A highly annotated whole-genome sequence of a Korean individual. 

Kim JI, Ju YS, Park H, Kim S, Lee S, Yi JH, Mudge J, Miller NA, Hong D, Bell CJ, Kim HS, Chung IS, Lee WC, Lee JS, Seo SH, Yun JY, Woo HN, Lee H, Suh D, Lee S, Kim HJ, Yavartanoo M, Kwak M, Zheng Y, Lee MK, Park H, Kim JY, Gokcumen O, Mills RE, Zaranek AW, Thakuria J, Wu X, Kim RW, Huntley JJ, Luo S, Schroth GP, Wu TD, Kim H, Yang KS, Park WY, Kim H, Church GM, Lee C, Kingsmore SF, Seo JS.
[1] Genomic Medicine Institute (GMI), Medical Research Center, Seoul National University, Seoul 110-799, Korea [2] Department of Biochemistry and Molecular Biology, Seoul National University College of Medicine, [3] Macrogen Inc., Seoul 153-023, Korea [4] Psoma Therapeutics, Inc., Seoul 110-799, Korea [5] These authors contributed equally to this work.

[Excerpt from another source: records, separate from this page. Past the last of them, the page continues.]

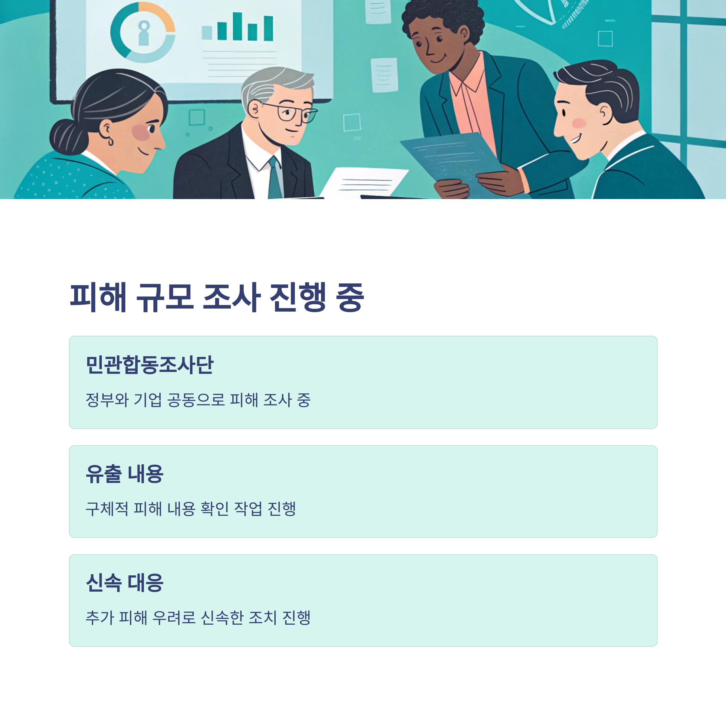 "조사가 진행 중이지만, 고객 여러분의 불안을 해소하기 위해 선제적으로 대응하겠습니다"라고 밝히며 진정성을 표명했습니다.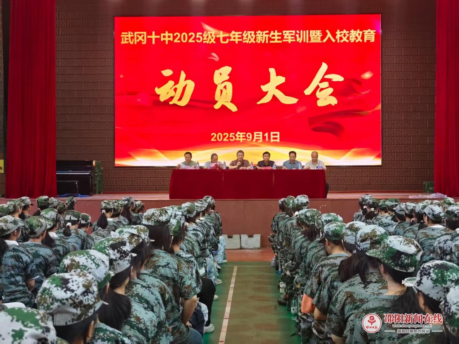 邵阳日报·邵阳新闻在线讯(通讯员 徐利锋 段媛 潘佳琳)9月1日上午,武冈十中在大礼堂召开2025年秋季七年级新生军训暨入校教育动员大会。学校党政团领导、七年级全体师生和相关工作人员参加会议。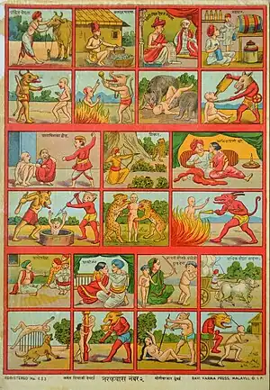 The Yajnavalkya Smriti also lists twenty-one: Tamisra, Lohasanku, Mahaniraya, Salamali, Raurava, Kudmala, Putimrittika, Kalasutraka, Sanghata, Lohitoda, Savisha, Sampratapana, Mahanaraka, Kakola, Sanjivana, Mahapatha, Avichi, Andhatamisra, Kumbhipaka, Asipatravana and Tapana.[12] The Bhagavata Purana, the Vishnu Purana and the Devi Bhagavata Purana enlist and describe 28 hells; however, they end the description by stating that there are hundreds and thousands of hells.[3][4][5][13] The Bhagavata Purana enumerates the following 28: Tamisra, Andhatamisra, Raurava, Maharaurava, Kumbhipaka, Kalasutra, Asipatravana, Sukaramukha, Andhakupa, Krimibhojana, Samdamsa, Taptasurmi, Vajrakantaka-salmali, Vaitarani, Puyoda, Pranarodha, Visasana, Lalabhaksa, Sarameyadana, Avichi, Ayahpana, Ksharakardama, Raksogana-bhojana, Sulaprota, Dandasuka, Avata-nirodhana, Paryavartana and Suchimukha.[3] The Devi Bhagavata Purana agrees with the Bhagavata Purana in most of names; however, a few names are slightly different. Taptasurmi, Ayahpana, Raksogana-bhojana, Avata-nirodhana, Paryavartana are replaced by Taptamurti, Apahpana, Raksogana-sambhoja, Avatarodha, Paryavartanataka respectively.[4] The Vishnu Purana mentions the 28 in the following order: Raurava, Shukara, Rodha, Tala, Visasana, Mahajwala, Taptakumbha, Lavana, Vimohana, Rudhirandha, Vaitaraní, Krimiśa, Krimibhojana, Asipatravana, Krishna, Lalabhaksa, Dáruńa, Púyaváha, Pápa, Vahnijwála, Adhośiras, Sandansa, Kalasutra, Tamas, Avichi, Śwabhojana, Apratisht́ha, and another Avichi.[5]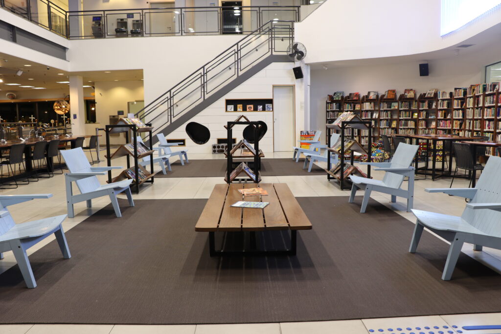 O acervo da nossa biblioteca é composto por literatura infantil e juvenil, literatura estrangeira, literatura brasileira, quadrinhos, ciências sociais, biografias, culinária, música e história. Este serviço está disponível para todos os públicos.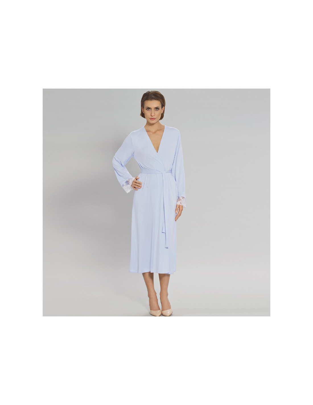 Classic, tied belt, knitted dressing gown. Long sleeves with delicate lace. Available in several colors. It is attainable in sizes XS / S, M / L, XL / XXL.

Recent advances in sequencing technologies have initiated an era of personal genome sequences. To date, human genome sequences have been reported for individuals with ancestry in three distinct geographical regions: a Yoruba African, two individuals of northwest European origin, and a person from China. Here we provide a highly annotated, whole-genome sequence for a Korean individual, known as AK1. The genome of AK1 was determined by an exacting, combined approach that included whole-genome shotgun sequencing (27.8x coverage), targeted bacterial artificial chromosome sequencing, and high-resolution comparative genomic hybridization using custom microarrays featuring more than 24 million probes. Alignment to the NCBI reference, a composite of several ethnic clades, disclosed nearly 3.45 million single nucleotide polymorphisms (SNPs), including 10,162 non-synonymous SNPs, and 170,202 deletion or insertion polymorphisms (indels). SNP and indel densities were strongly correlated genome-wide. Applying very conservative criteria yielded highly reliable copy number variants for clinical considerations. Potential medical phenotypes were annotated for non-synonymous SNPs, coding domain indels, and structural variants. The integration of several human whole-genome sequences derived from several ethnic groups will assist in understanding genetic ancestry, migration patterns and population bottlenecks. 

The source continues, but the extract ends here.